===== Supplied data =====
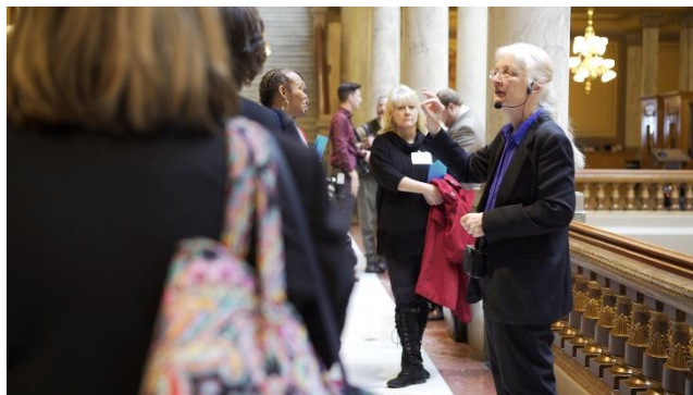
Tour of the Statehouse.
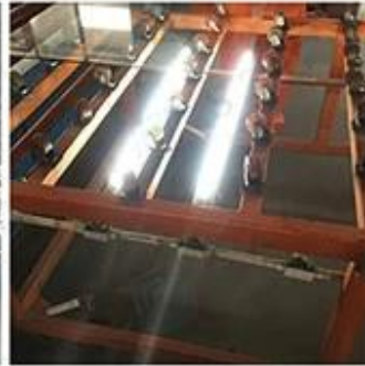
LED Lighting Detection
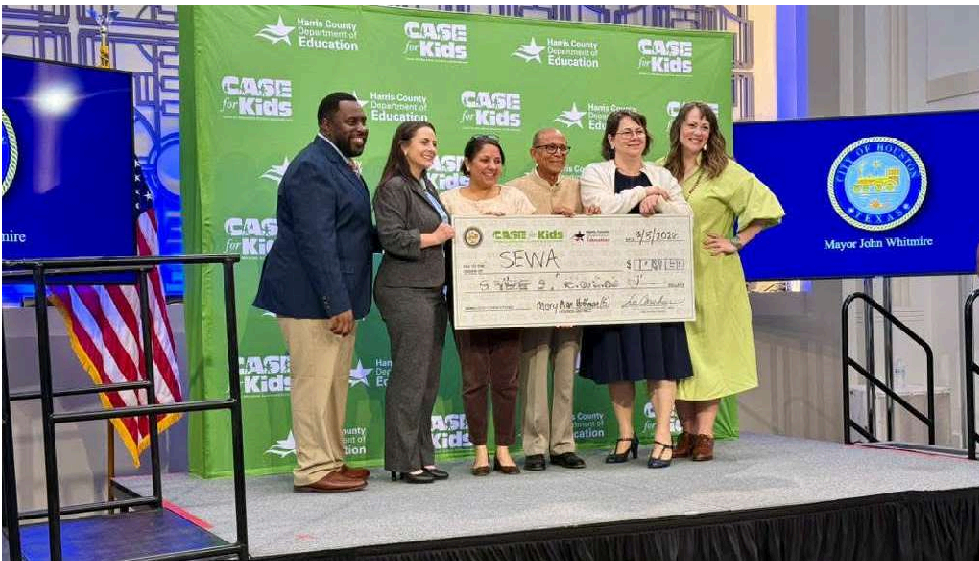
Sewa was recognized by the city for its service impact in Houston, TX.

Sewa received recognition for its service impact across Districts J and G at an event hosted by CASE for Kids in partnership with the Houston City Council on March 5. A council member presented the award, acknowledging consistent efforts and program delivery across focus areas.
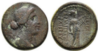
184 Greek Coin AE 6,17 g - 17,82 mm
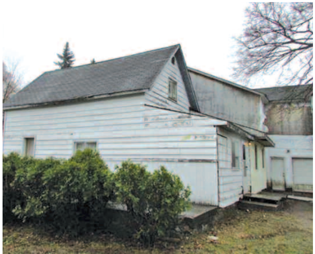
1015 WATER • EAST JORDAN
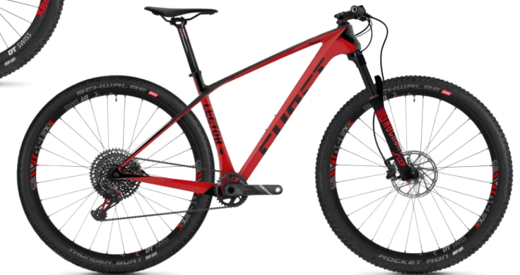
Lector WC.9, 10.9, 9.9 (MY18)
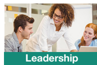
Leadership Foundations of Quality Teams
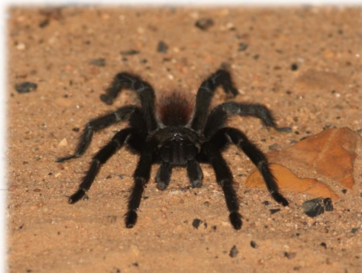
Avicularia sp. Terra Ronca

Rodovia DF-330: Whistling Heron, Buff-necked Ibis, Picazuro Pigeon, Scaled Dove, Swallow-tailed Hummingbird, Checkered Woodpecker, Rufous-fronted Thornbird, Suiriri Flycatcher, Chalk-browed Mockingbird, Shrike-like Tanager, Blue-black Grassquit,
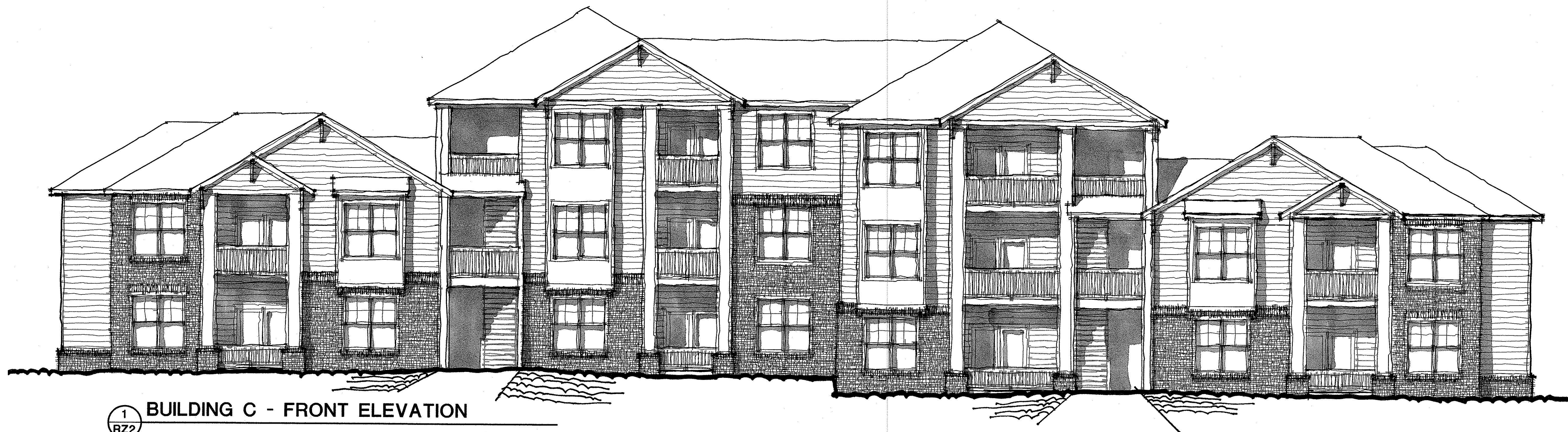
1 BUILDING C - FRONT ELEVATION RZ2
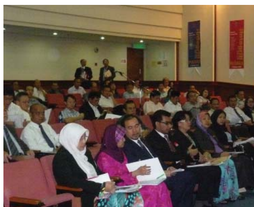
Photo: Briefing in progress

砂拉越木材工业发展机构(STIDC)于2011年7月12日举办常年木材工业进展讲座会。这主要是告知和汇报有关木材工业所面对的课题。
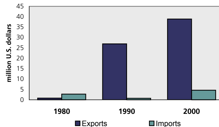
Trade in Fish and Fisheries Products, Kenya, 1980-2000

View more Country Profiles on-line at http://earthtrends.wri.org
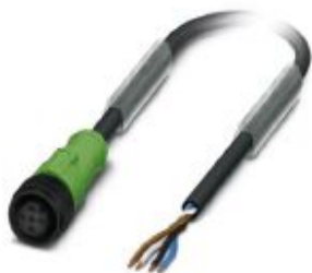
Sensor/actuator cable, 4-position, PUR halogen-free, black-gray RAL 7021, free cable end, on Socket straight M12, coding: A, cable length: 1.5 m, with plastic knurl

Please be informed that the data shown in this PDF Document is generated from our Online Catalog. Please find the complete data in the user's documentation. Our General Terms of Use for Downloads are valid ( http://phoenixcontact.com/download )
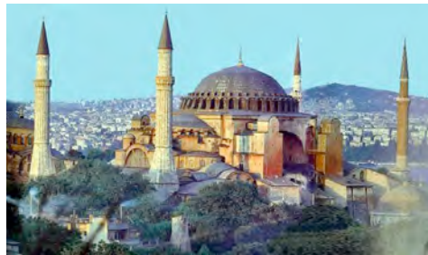
The Hagia Sophia in Istanbul (Constantinople)

7th graders are now learning about the Byzantine Empire - the final vestige of the Roman Empire. This will include a look at the Eastern Orthodox Church and the differences between the Byzantine Empire and Medieval Europe. We are still planning on having a test before we head out for vacation.
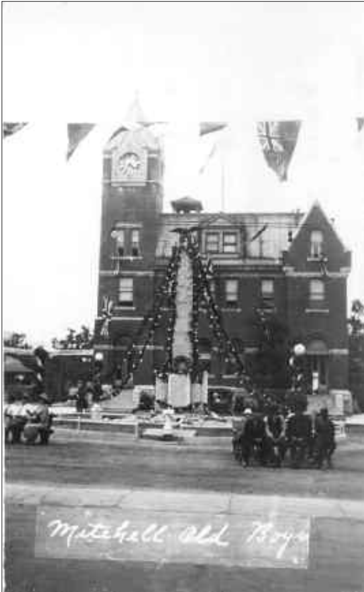
4047 In the summer of 1923 the town of Mitchell held its first old home week, a celebration that lasted eight days. This is a vertical view, looking south, of market square and the decorated cenotaph, and the post office and custom building, adorned with flags.
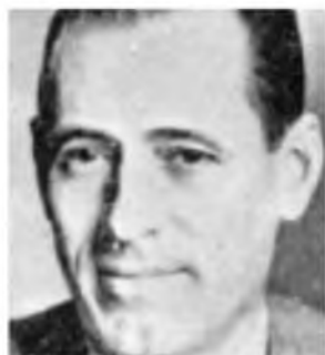
Vicente Uribe (PCE) Minister of Agriculture
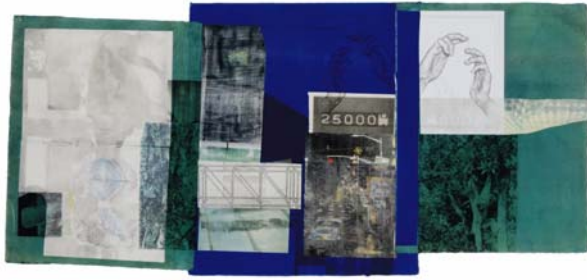
Robert Rauschenberg Guide (Rigs) Estimate: $60,000-80,000

of $2.8-4 million for 266 lots – the largest and most valuable to date – this June’s Open House sale is likely to build on the success established by the Post-War and Contemporary sales earlier this spring.
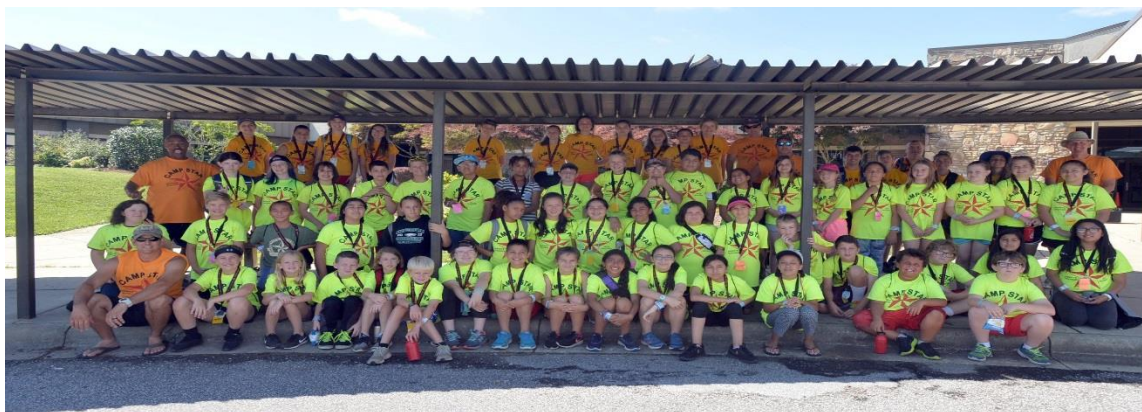
Camp STAR campers, counselors and School Resource Deputies
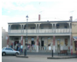
Doongara, 62 Hesse Street (37 Learmonth Street), Queenscliff
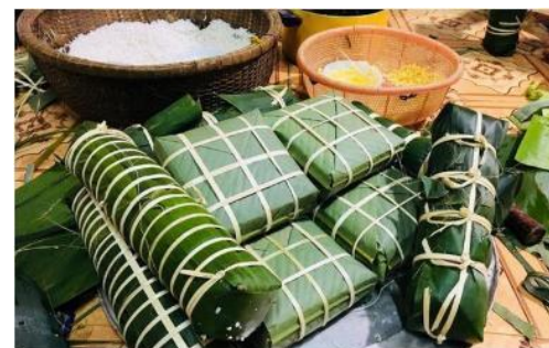
Bánh Chưng and Bánh Tét

Thịt Kho Tàu : "Meat Stewed in Coconut Juice", a traditional dish of pork belly and medium boiled eggs stewed overnight in a broth-like sauce, often eaten with pickled bean sprouts and chives and white rice.
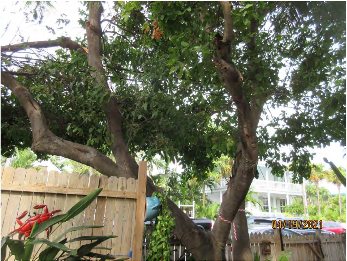
Photo showing tree trunks and most of canopy.
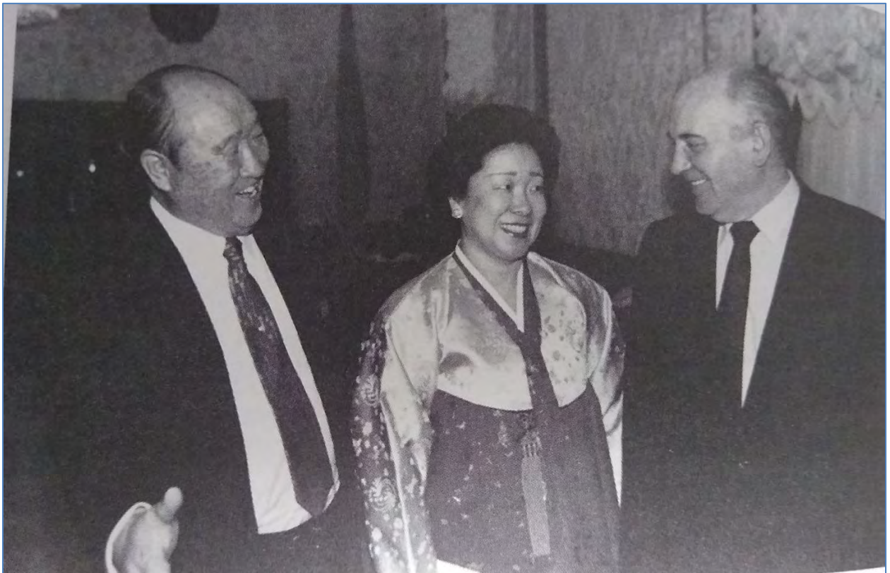
April 11, 1990 : Father and Mother Moon with President Mikhail Gorbachev
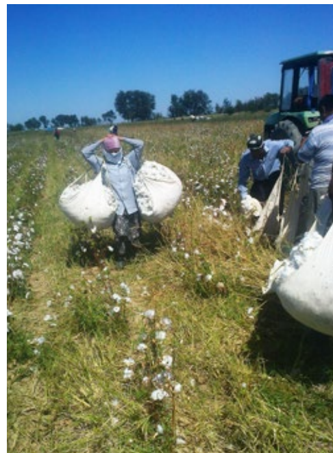
On the cotton fields (September 2015).

The government's direct and total control of the cotton sector sustains a system of patronage, is the root cause of forced labor, and remained unaltered in 2015. The system is organized from the top down and its implementation involves officials at every level. 16 In the first quarter of the year, the president, prime minister, ministers of the Agriculture and Water Resources, the Economy, Finance, Foreign Economic Relations, and Investments and Trade ministries, and representatives from the state-controlled cotton association set the national production target. 17 The prime minister issued quotas to the regional hokims, who, with the cotton association, imposed production quotas on farmers through their land lease agreements and procurement contracts. Farmers, who do not own their land but lease it from the government, were, as in previous years, obligated to sell their cotton to one of the state-controlled gins at the state price. The Finance Ministry set the procurement price for cotton – the price paid to farmers – below the government's own estimate of production costs. 18 The government also establishes the rates paid to workers for harvesting, which are substantially lower than market wages, perpetuating the need for forced labor.
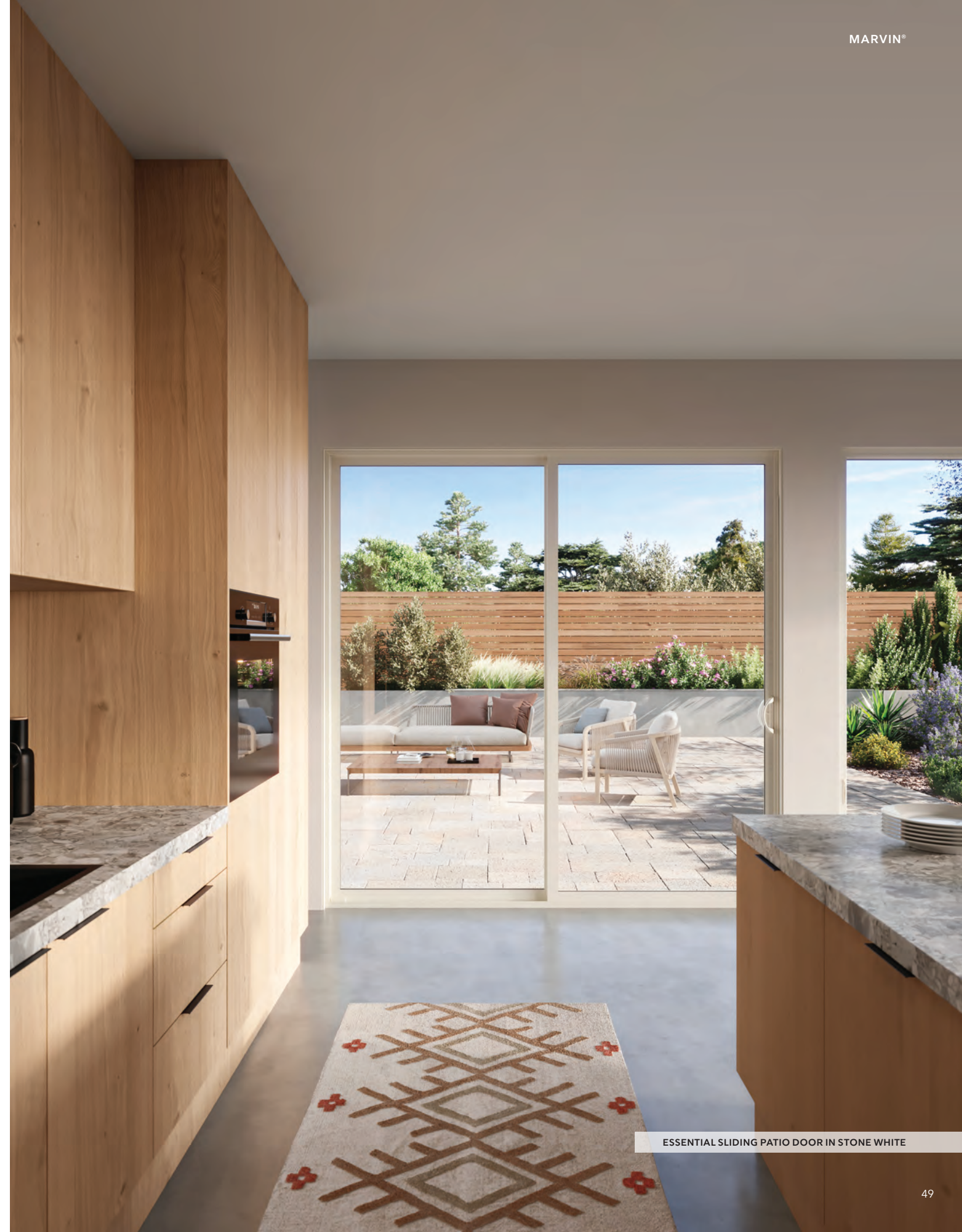
ESSENTIAL SLIDING PATIO DOOR IN STONE WHITE

Marvin Essential® products offer a simple approach to contemporary design and leading performance. A streamlined, easy-to-order product collection features durable, virtually maintenance-free Ultrex® fiberglass exteriors and interiors for a precise fit and finish.
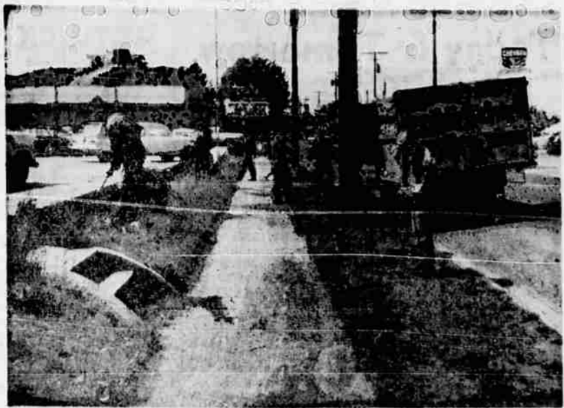
GUARD HELPS —Also participating in the local campaign is Company E of the National Guard. Unit members are shown cleaning portions of Riverside ave. recently. Actively engaged in the same project is the Civil Air Patrol which has volunteered its cadets to help the Medford Jaycees Community Development committee in June. Up to now, many cadets have assisted the cause by doing "beautification" work around their headquarters at the Medford Municipal airport.
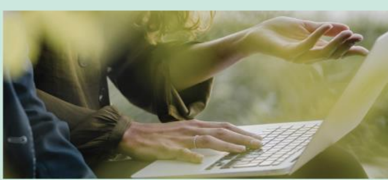
Half-year Report 1 January - 30 June 2023
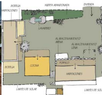
Fig. 5 - Investigation sketch of a Santacruz Tepetotutla project.
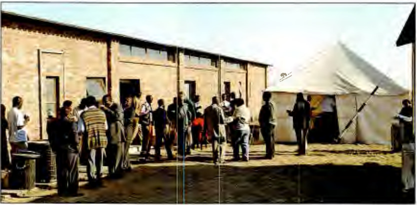
View of tent at Barberton which was used for the bookshop during the conference
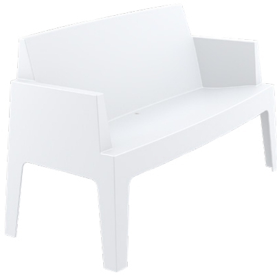
White Code: ZA.1268C
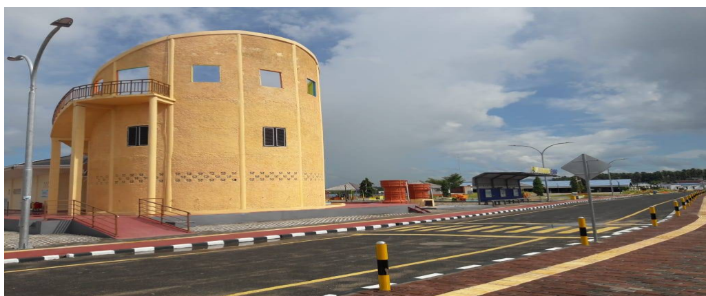
Figure 4 A photo of park, culinary center buildings and hotels on the coast of Daruba City, the capital of Morotai Island Regency, seen from the land to the beach.
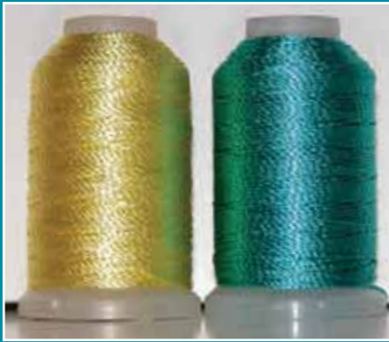
YLI Pearl Crown Rayon
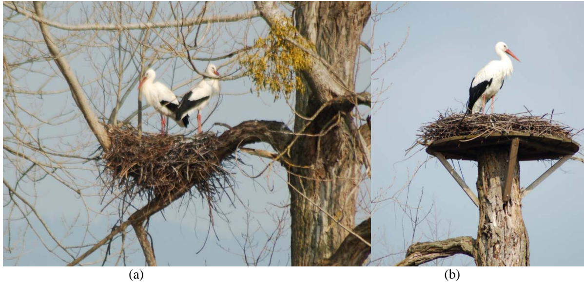
Fig. 4 Because nests (a) are often destroyed by storms, the birds were provided with artificial platforms, on pylons or tree stubs (b), in order to facilitate reintroduction.
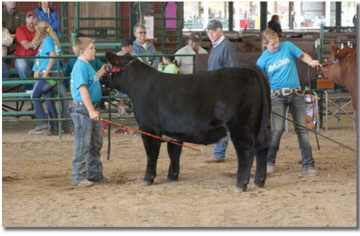
Kale showing Licorice, Jacob's heifer, a maternal sister to Lot 95 steer.

If I wouldn't offer all the heifers, I would keep these young ones and make cows out of them. Outcross pedigrees that are unlimited to the sires you could use.
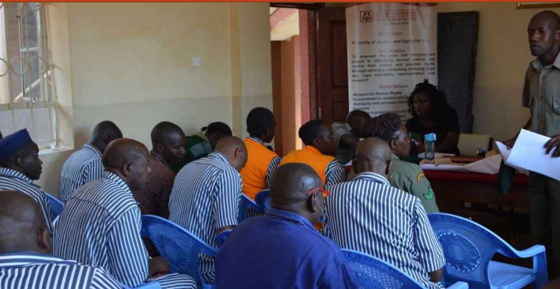
Prison paralegal attending a refresher training conducted by Kituo at the Nyeri GK Prison

The Advocacy, Governance and Community Partnerships Programme (AGCP) coordinates community outreach and advocacy initiatives by connecting people with the law and instruments of justice. AGCP ensures the involvement of the poor and marginalized in the promotion of good governance, formulation of enactment of pro-poor policies and laws that are in tandem with international standards, and therefore enhances the realization of access to justice for all.
=====
Exercise objective: Nothing but the lines from the one containing "April 11, 1990" through the one containing "ESSENTIAL SLIDING PATIO DOOR IN STONE WHITE" should appear, copied exactly from the material above and without pictures.

Task solution:
April 11, 1990 : Father and Mother Moon with President Mikhail Gorbachev
On the cotton fields (September 2015).

The government's direct and total control of the cotton sector sustains a system of patronage, is the root cause of forced labor, and remained unaltered in 2015. The system is organized from the top down and its implementation involves officials at every level. 16 In the first quarter of the year, the president, prime minister, ministers of the Agriculture and Water Resources, the Economy, Finance, Foreign Economic Relations, and Investments and Trade ministries, and representatives from the state-controlled cotton association set the national production target. 17 The prime minister issued quotas to the regional hokims, who, with the cotton association, imposed production quotas on farmers through their land lease agreements and procurement contracts. Farmers, who do not own their land but lease it from the government, were, as in previous years, obligated to sell their cotton to one of the state-controlled gins at the state price. The Finance Ministry set the procurement price for cotton – the price paid to farmers – below the government's own estimate of production costs. 18 The government also establishes the rates paid to workers for harvesting, which are substantially lower than market wages, perpetuating the need for forced labor.
ESSENTIAL SLIDING PATIO DOOR IN STONE WHITE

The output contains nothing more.